> Task to complete: Read through the listing below and return only the lines containing "kraju".

> Information provided:
*** Begin section ***
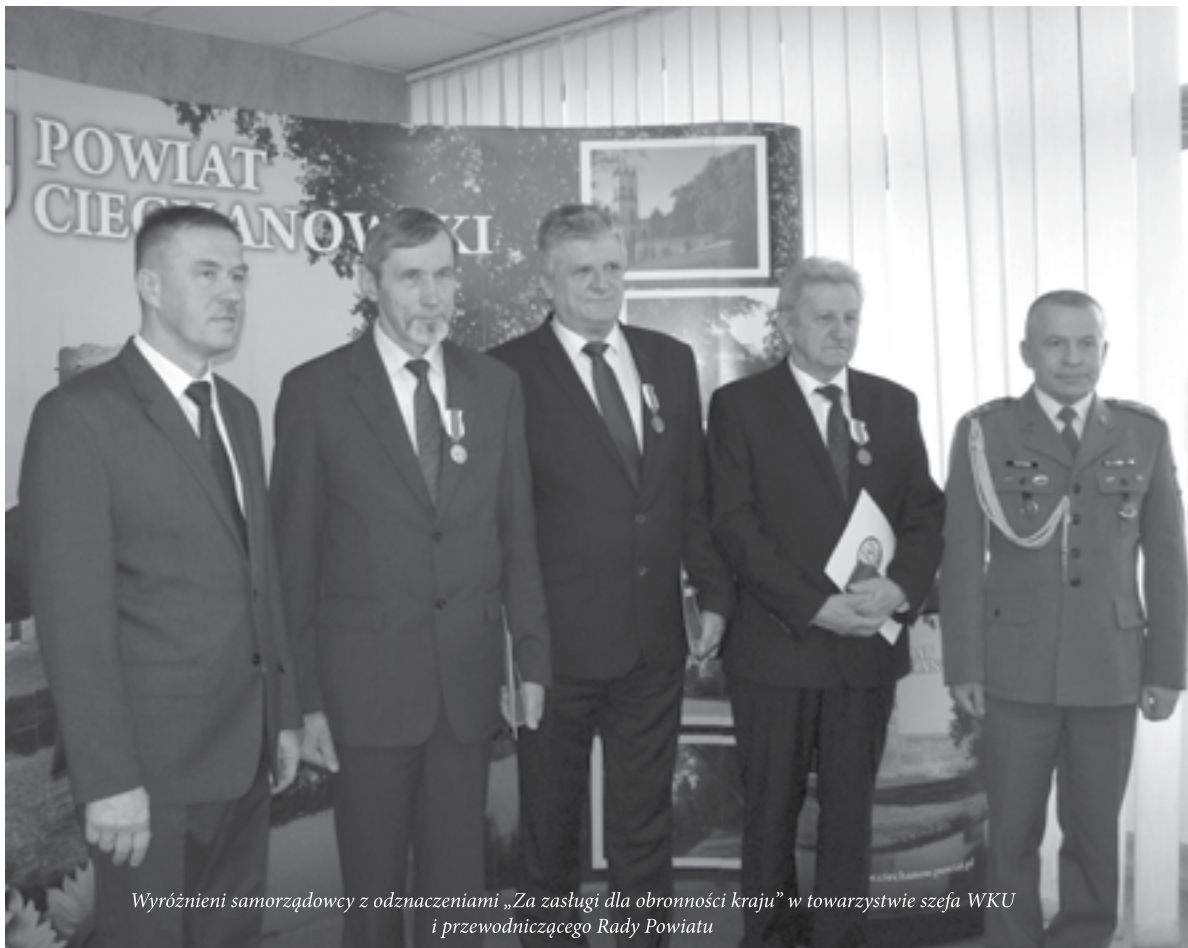
Wyróżnieni samorządowcy z odznaczeniami „Za zasługi dla obronności kraju” w towarzystwie szefa WKU i przewodniczącego Rady Powiatu

Podczas sesji trzech samorządowców zostało wyróżnionych medalami „Za zasługi dla obronności kraju”. Złoty medal otrzymał
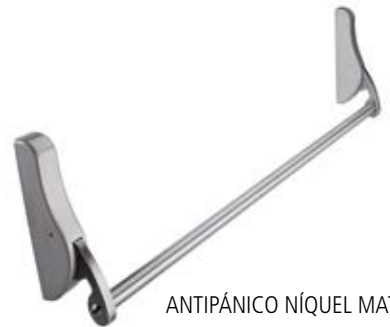
ANTIPÁNICO NÍQUEL MATE
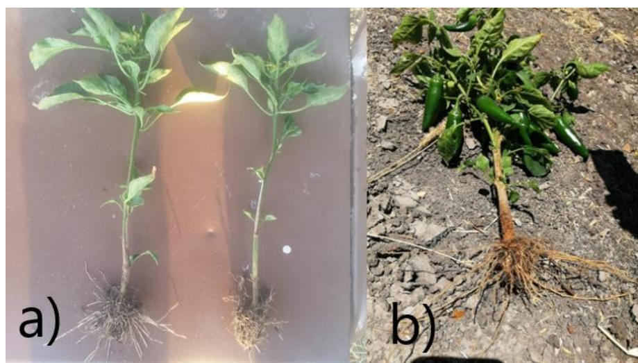
Figura 2. a) Planta de chile inoculada Derecha; b) Raíz sana de chile jalapeño inoculada con microbiológicos benéficos.
*** End section ***
> Solution for this problem:
Wyróżnieni samorządowcy z odznaczeniami „Za zasługi dla obronności kraju” w towarzystwie szefa WKU i przewodniczącego Rady Powiatu
Podczas sesji trzech samorządowców zostało wyróżnionych medalami „Za zasługi dla obronności kraju”. Złoty medal otrzymał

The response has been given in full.